Congratulations! My friend Elizabeth just got matched to Wake Forest. It’s really exciting, though I’m sad they’ll be moving so far away. I hardly see them as it is and they’re only 2.5 hours southwest of here! Sounds like Matt and family are embarking on a great adventure.
Hi, Quiara. I don’t know you, but I bet I know the same Elizabeth who today got matched to Wake Forest! I’m happy for them, and for Matt and his family. Praise God from whom all blessings flow.
So Matt may get to talk to Bart Ehrman after all.

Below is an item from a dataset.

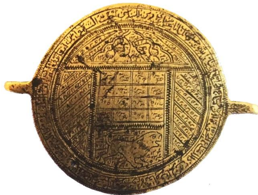
تصویر ۵: بازوبند طلسم و دعا، برنج، اوایل قرن ۱۳ ه، ۴/۸ cm، مأخذ: (تناولی، ۱۳۹۴: ۷۵)

I wouldn’t say Duke annihilated Belmont… but that might just be my UNC bias, since that’s where I’m in grad school. I also go to the Cole Mill Road church, so I hope your son and his family will visit when they arrive in Durham.
Jessica - Well, that was a bit tongue-in-cheek. How embarrassing for a #2 seed to be behind a #15 seed with 15 seconds left in the game. If Duke had lost, I’d be hiding today since I’ve actually picked them (perhaps against better judgment) to be in the Final Four! Now, I’m ready for today (for Texas’ opening game) — wearing my burnt orange t-shirt.
our boys already have little Duke basketballs, and I sport my tshirts every game day! having never been to the campus, a game (home or away), I am slightly jealous!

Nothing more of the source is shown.